Secondly, more conversation was needed between the city and the bank before this conversation reached the City Council. What does the city want of the bank? How can Clackamas County Bank meet that need? Where are they divided? Can the bank adapt to meet the need?

Thirdly, the city ignored a cornerstone of small town life — the importance of loyalty to local residents and businesses, particularly those that have been longtime friends, supporters and business allies. The bank and city have been associated in financial matters for decades, but their relationship goes much deeper. The bank has been a long-standing sponsor of city events, such as the town's annual Fourth of July Fireworks display, the city's Kids Parade during the Sandy Mountain Festival, and the Sandy Summer Sounds & Starlight Cinemas.

CCB has proven its commitment to this community over-and-over by sponsoring the Sandy Mountain Festival Parade, Kiwanis Club of Sandy, Sandy FFA, Sandy Fire District, Mt. Hood Hospice, Relay for Life, Sandy River Trail cleanup, Trick-or-Treat Trail, Sandy Historical Society, Sandy Chamber of Commerce and various civic clubs and organizations, sports clubs and school clubs.

We applaud the mayor and City Council for having the wisdom to suspend this discussion without taking action. But, by the time this topic was tabled, the damage had been done.

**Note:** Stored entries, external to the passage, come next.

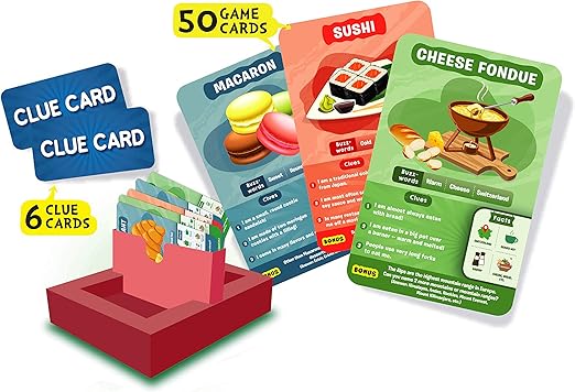 - Emocionante juego de preguntas – Pida hasta 10 preguntas para adivinar el famoso plato en la tarjeta de juego. ¿Este plato por lo general se sirve caliente? ¿Es dulce? ¿Este plato se originó en Asia? Piensa duro, haz preguntas inteligentes, utiliza tus tarjetas de pista sabiamente, y sé el primer jugador en ganar 7 tarjetas de juego
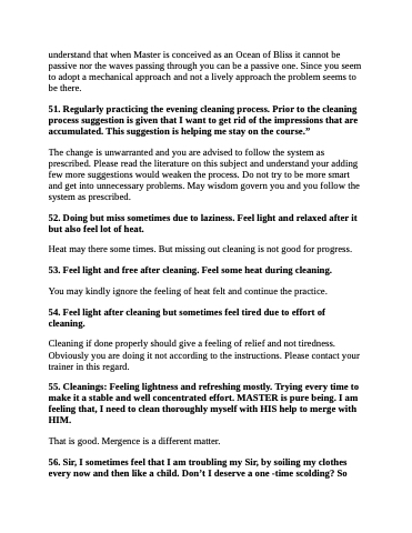 55. Cleanings: Feeling lightness and refreshing mostly. Trying every time to make it a stable and well concentrated effort. MASTER is pure being. I am feeling that, I need to clean thoroughly myself with HIS help to merge with HIM.
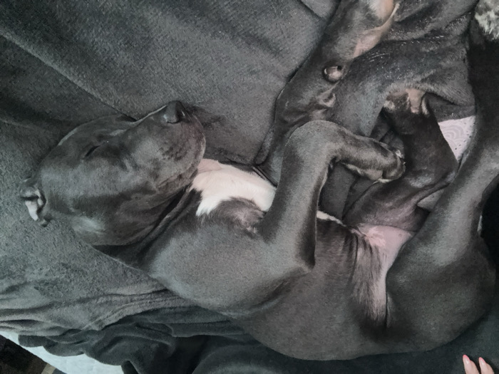 - "A dark gray or blue-gray Pit Bull type dog is depicted sleeping soundly, curled on its left side on a textured, dark gray blanket or fleece throw" by FM-NMkt72, licensed under CC BY 4.0
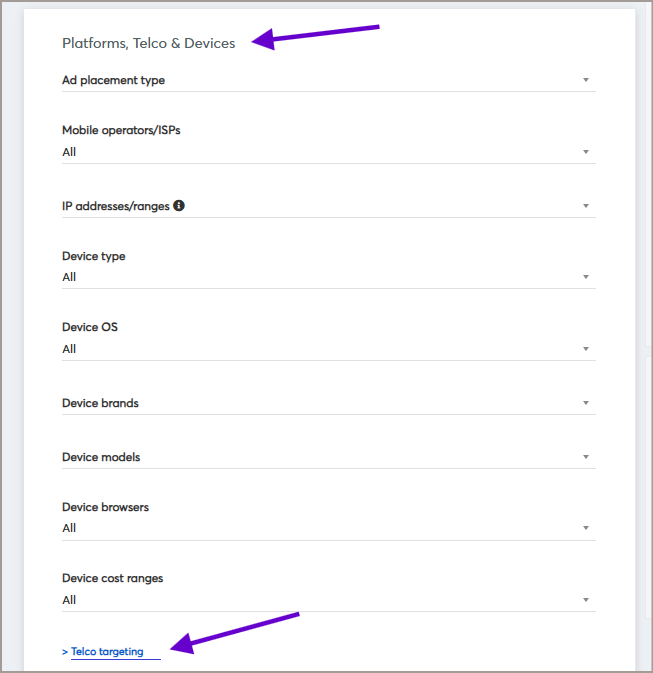SIM amount targeting, which can be found under Advanced telecom targeting, allows brands to target users who were browsing online with 1, 2, 3, or 4 SIM cards for the last 30 days.
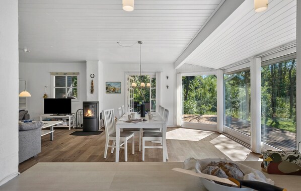 Welcome to this inviting holiday home, where you can enjoy a relaxing break with your loved ones not far from the coast. Prepare your favourite dishes in the open-plan kitchen and light the wood-burning stove for harmonious meals with a view of the countryside. After a long day in the fresh sea air, you can make yourself comfortable on the cosy sofa with a good film or book.
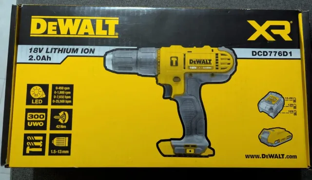 Detalles del productoTaladro percutor a batería Dewalt XR modelo DCD776D1.
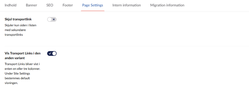 Dette kan overskrives på hver enkelt site - under Page Settings med knappen "Vis transportlinks i den anden variant".
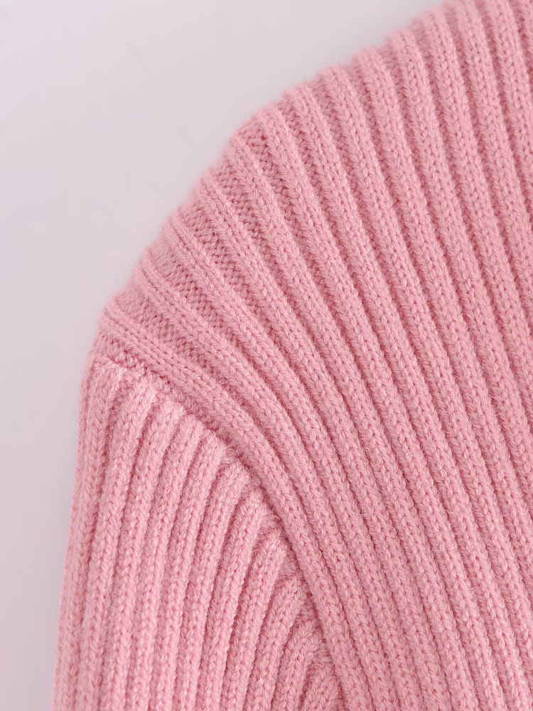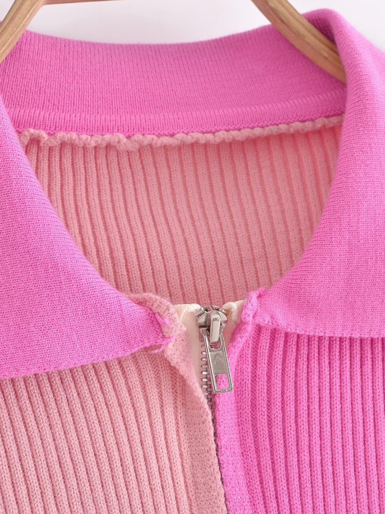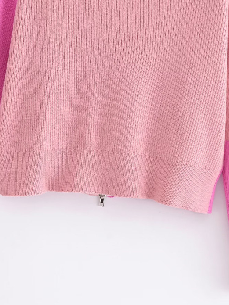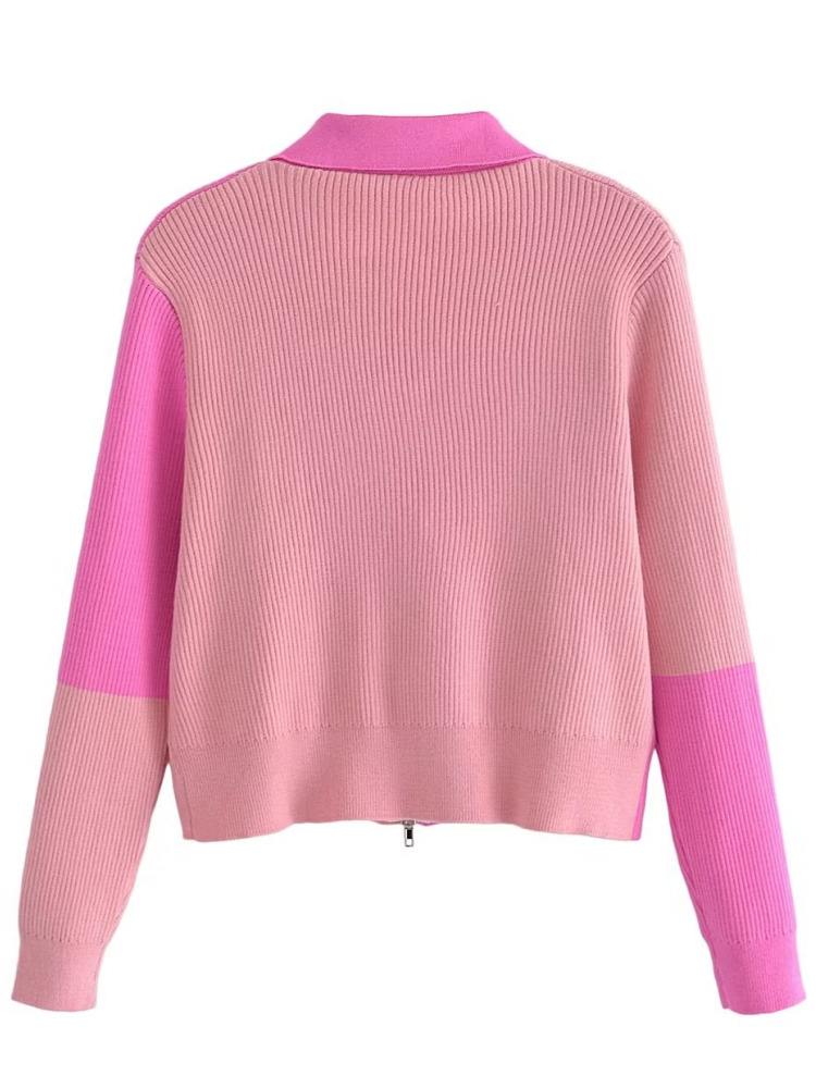 PUWD Women Pink Turndown Collar Contrast Color Cardigan 2022 Autumn Winter Fashion Girls Casual Female Long Sleeve Zipper Sweater
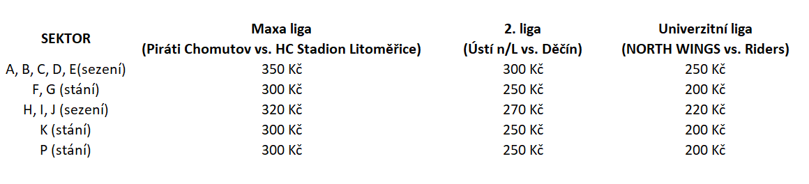 Prodej probíhá výhradně online prostřednictvím aplikace klubu Piráti Chomutov od 1. října 2025 do vyčerpání kapacity. U utkání Piráti Chomutov vs. HC Stadion Litoměřice mají majitelé permanentek obou klubů přednostní právo nákupu do 18. října 2025. Vstupenky na druholigové derby a duel Univerzitní ligy jsou dostupné ihned pro veřejnost.
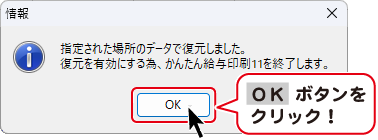 「指定された場所のデータで復元しました」というメッセージが表示されましたら、
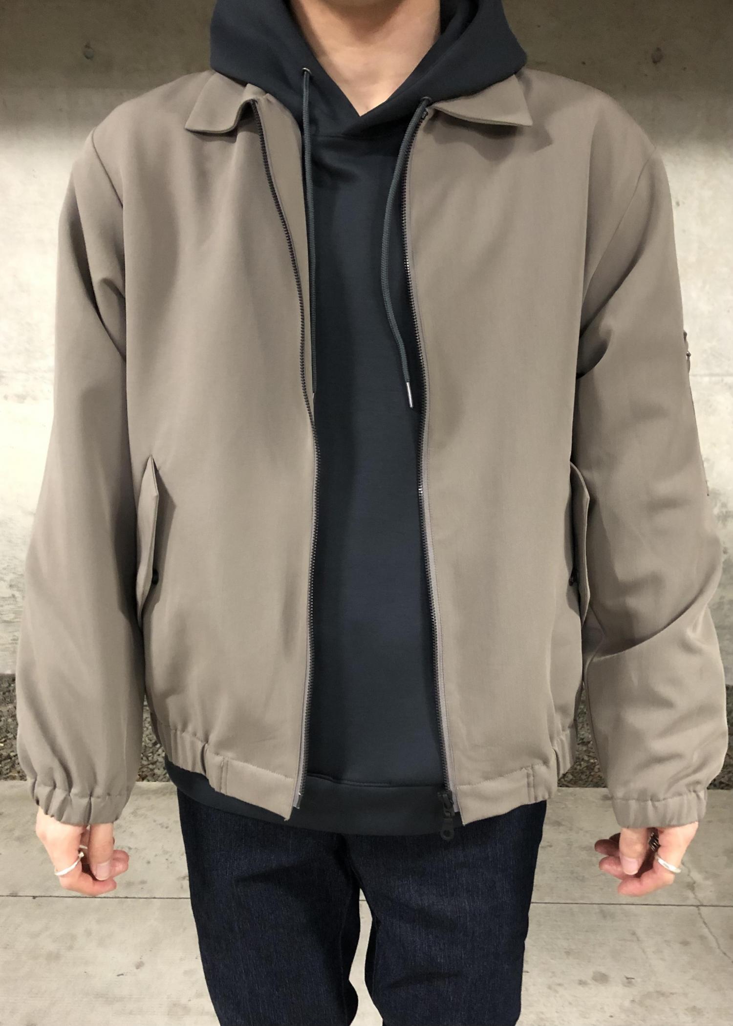 着用のフライシルケットプルパーカーは、光沢感のあるキレイめ素材なので、ブルゾンはもちろん、コートのインナーとしても活躍するアイテムです!
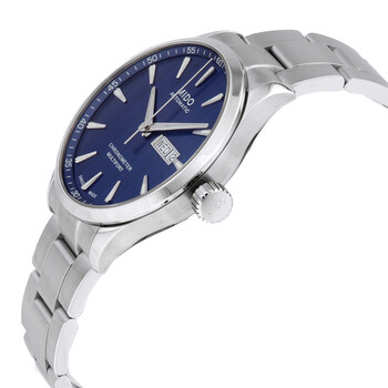 Stainless steel case with a stainless steel bracelet. Fixed stainless steel bezel. Blue dial with luminous silver-tone hands and index hour markers. Minute markers around the outer rim. Dial Type: Analog. Luminescent hands and markers. Day of the week and date display at the 3 o'clock position. Mido caliber 80 COSC Si (base ETA C07.821) automatic movement with an 80-hour power reserve. Scratch resistant sapphire crystal. Screw down crown. Transparent case back. Round case shape. Case size: 42 mm. Case thickness: 11.99 mm. Band width: 22 mm. Fold over clasp with a push button release. Water resistant at 100 meters / 330 feet. Functions: date, day, hour, minute, second. Multifort Chronometer Series. Casual watch style. Watch label: Swiss Made. Mido Multifort Chronometer Automatic Blue Dial Men's Watch M038.431.11.041.00.
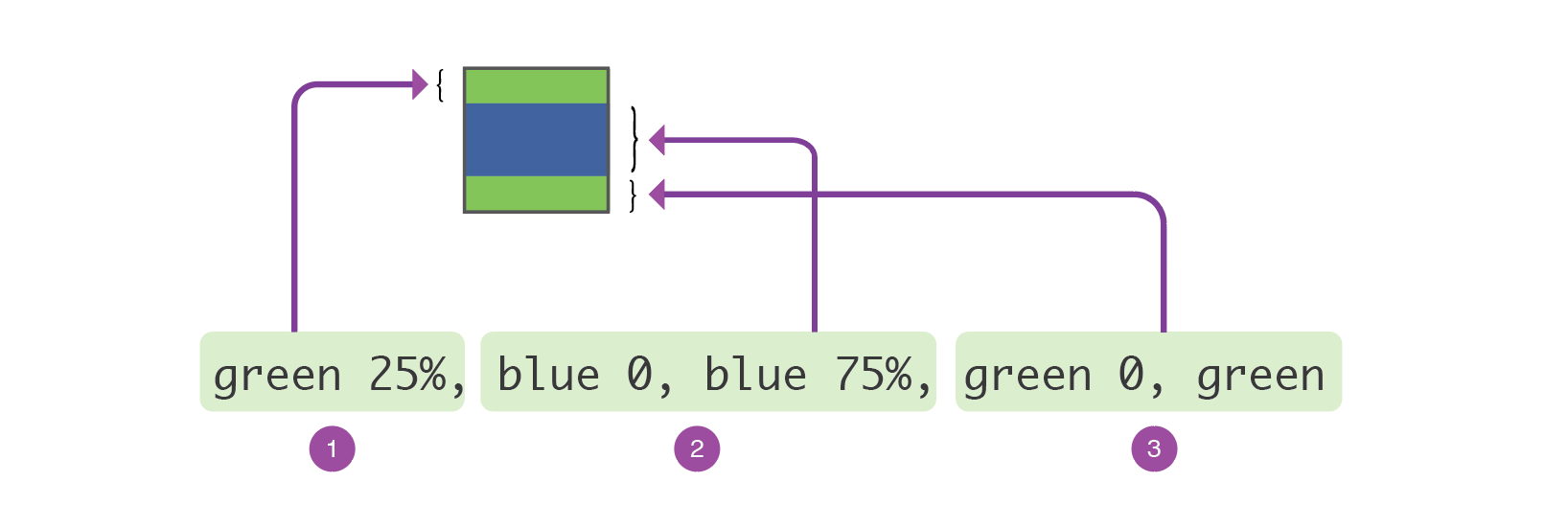 The first gradient starts from zero to 25%, which is green. Then, it continue from 25% to 75%, which is blue. Finally, it goes 75% to 100% in green.

The city government now faces the task of rebuilding trust with the bank that had been its important business and civic ally for years. And it put the bank in an awkward position of defending itself against inaccurate portrayals.

In the aftermath of last week's City Council meeting, we understand that city staff has entered into conversations with bank officials. The outcome of those conversations is by no means certain. But to say the least, this is what should have happened in the first place.